Once consultation is complete, the final capability framework and resources would be launched at the Nursing Informatics global congress NI 2020 in Brisbane, on 27 – 29 July 2020.


The 2020 focus on nursing and midwifery in the digital age coincides with the World Health Organization’s International Year of the Nurse and Midwife. Critically, it is also important to ensure that the voices of nurses and midwives are heard when looking at the implementation of technology in healthcare organizations. 

In an interview with HealthcareITNews last September, Katie Trott, chief nursing information officer at the Royal Free London NHS Foundation Trust said, “Often, there’s an emphasis on doctors, however, the nursing workforce is often much greater than the medical workforce.

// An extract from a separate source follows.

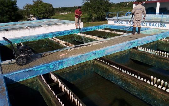 Personal del organismo realiza labores de mantenimiento y limpieza de las cisternas, filtros, y de malla perimetral, para garantizar calidad...

And so making sure that they’ve got full representation of that is really important, particularly as we have nurses taking on more and more extended roles where they’re seeing patients autonomously.”


“In the emerging field of digital health, nurses and midwives are at the forefront, combining knowledge, data, and technology to produce best possible outcomes for patients.”

“In this new program, nursing and midwifery organizations will be collaborating to create the first national framework to support nurses and midwives in an increasingly digital workplace, with all the challenges and opportunities that provides,” said HISA CEO Dr Louise Schaper in a statement.

Angela Ryan, the Agency’s Chief Clinical Information Officer and a Registered Nurse, said: “Nurses and midwives are once again ensuring that they are at the center of their educational and professional development so that they can deliver the best care possible.”

“This program will identify the specific skills nurses and midwives need for them to maximize the benefits for their patients from Australia’s digital health system.”